- _AVAILABLE RECORDS_
---

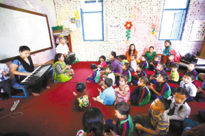 尼泊爾學(xué)校復(fù)課      5月31日,在尼泊爾的巴克塔普爾,復(fù)課的學(xué)生們接受音樂治療。據(jù)尼泊爾當(dāng)?shù)孛襟w報道,尼泊爾教育部已經(jīng)宣布,全國14個地震受災(zāi)縣的學(xué)校將于5月31日復(fù)課。新華社發(fā)
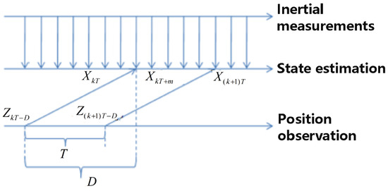 As shown in Figure 6, a new observation arrived at the time , which is actually measured at the time . The whole sequence of observations we have obtained during the time () does not change until a new observation arrives at the time . The optimal linear estimation of the state during the time () could be expressed as:
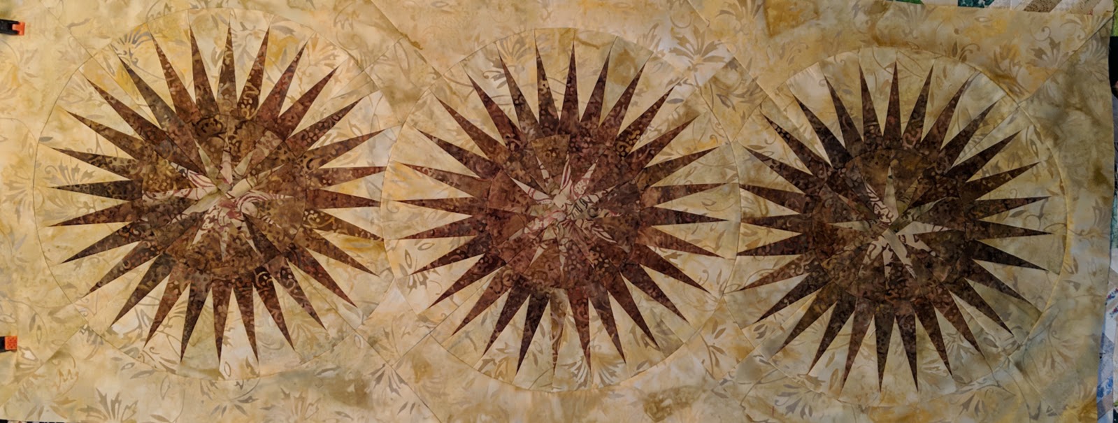 While I was waiting for clue # 6 to come out last week, I reached for an old unfinished project that I started in a class in 2010. Judy Niemeyer taught a class at our quilt show that year, and I still hadn't finished my table runner. I had seriously forgotten where I was in the process. Turns out that I had all the small paper pieced points done! Yahoo! I did need to locate the rest of my background fabric which had long ago been mixed in with my batiks. Thankfully, I hadn't used it on another project!
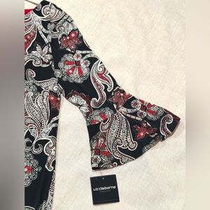 Liz Claiborne Dress Black and Red Paisley Long Sleeve NWT
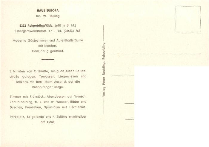 73886871 Ruhpolding Bayern Haus Europa postalisch nicht gelaufen Erhaltung siehe scans [WerneD78] Wern Katcode 11110009189140
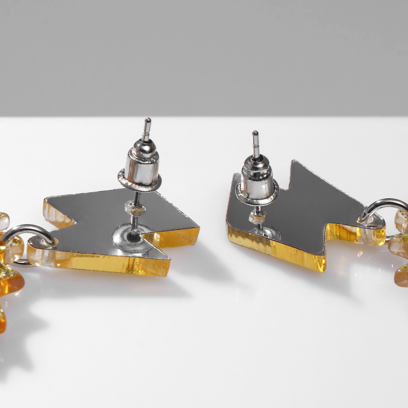 Для кого: Для девочки, Для женщины Вид: Серьги, Серьги Тематика: Хэллоуин, Яркая Размер упаковки: 6.5 x 1.5 x 8 см. Тематика праздника: Хэллоуин Материал основы: Металл Вид застёжки: Застёжка пусет (гвоздик) Возраст: Для взрослых Материал основания: Металл Составляющие набора: Серьги Тематика подарка: Бижутерия tnved: 7117900000 Длина, см: 6.5 Цвет фурнитуры: Серебряный Цвет: Жёлтый Вставка/Подвеска: Акрил Набор: Нет Стильные серьги с акриловыми элементами в виде белой молнии на золотистой металлической основе эффектный аксессуар длиной 6,5 см для женщин и девочек. Они органично вписываются в тематику Хэллоуина и добавляют образу динамичности и яркости. Особенности
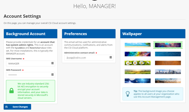 This allows the client admin to enter the background account that is used to access the iMIS DB. This account must be the manager account or manager equivalent.
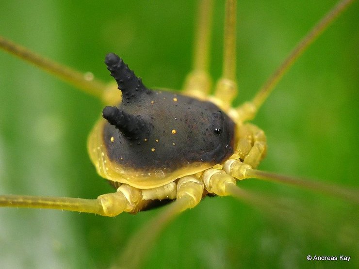 Сенокосцы, отряд членистоногих из класса паукообразных, появились на Земле как минимум 400 миллионов лет назад - раньше динозавров. К сенокосцам относятся 6 650 видов по всему миру. Данный вид изучен довольно плохо, поэтому ученые пока не знают, зачем ему эти фальшивые уши и глаза - вероятно, для устрашения врагов.

---

- _ASSIGNMENT_
Retype everything in the material word for word, minus pictures.

- _WRITTEN ANSWER_
 尼泊爾學(xué)校復(fù)課      5月31日,在尼泊爾的巴克塔普爾,復(fù)課的學(xué)生們接受音樂治療。據(jù)尼泊爾當(dāng)?shù)孛襟w報道,尼泊爾教育部已經(jīng)宣布,全國14個地震受災(zāi)縣的學(xué)校將于5月31日復(fù)課。新華社發(fā)
 As shown in Figure 6, a new observation arrived at the time , which is actually measured at the time . The whole sequence of observations we have obtained during the time () does not change until a new observation arrives at the time . The optimal linear estimation of the state during the time () could be expressed as:
 While I was waiting for clue # 6 to come out last week, I reached for an old unfinished project that I started in a class in 2010. Judy Niemeyer taught a class at our quilt show that year, and I still hadn't finished my table runner. I had seriously forgotten where I was in the process. Turns out that I had all the small paper pieced points done! Yahoo! I did need to locate the rest of my background fabric which had long ago been mixed in with my batiks. Thankfully, I hadn't used it on another project!
 Liz Claiborne Dress Black and Red Paisley Long Sleeve NWT
 73886871 Ruhpolding Bayern Haus Europa postalisch nicht gelaufen Erhaltung siehe scans [WerneD78] Wern Katcode 11110009189140
 Для кого: Для девочки, Для женщины Вид: Серьги, Серьги Тематика: Хэллоуин, Яркая Размер упаковки: 6.5 x 1.5 x 8 см. Тематика праздника: Хэллоуин Материал основы: Металл Вид застёжки: Застёжка пусет (гвоздик) Возраст: Для взрослых Материал основания: Металл Составляющие набора: Серьги Тематика подарка: Бижутерия tnved: 7117900000 Длина, см: 6.5 Цвет фурнитуры: Серебряный Цвет: Жёлтый Вставка/Подвеска: Акрил Набор: Нет Стильные серьги с акриловыми элементами в виде белой молнии на золотистой металлической основе эффектный аксессуар длиной 6,5 см для женщин и девочек. Они органично вписываются в тематику Хэллоуина и добавляют образу динамичности и яркости. Особенности
 This allows the client admin to enter the background account that is used to access the iMIS DB. This account must be the manager account or manager equivalent.
 Сенокосцы, отряд членистоногих из класса паукообразных, появились на Земле как минимум 400 миллионов лет назад - раньше динозавров. К сенокосцам относятся 6 650 видов по всему миру. Данный вид изучен довольно плохо, поэтому ученые пока не знают, зачем ему эти фальшивые уши и глаза - вероятно, для устрашения врагов.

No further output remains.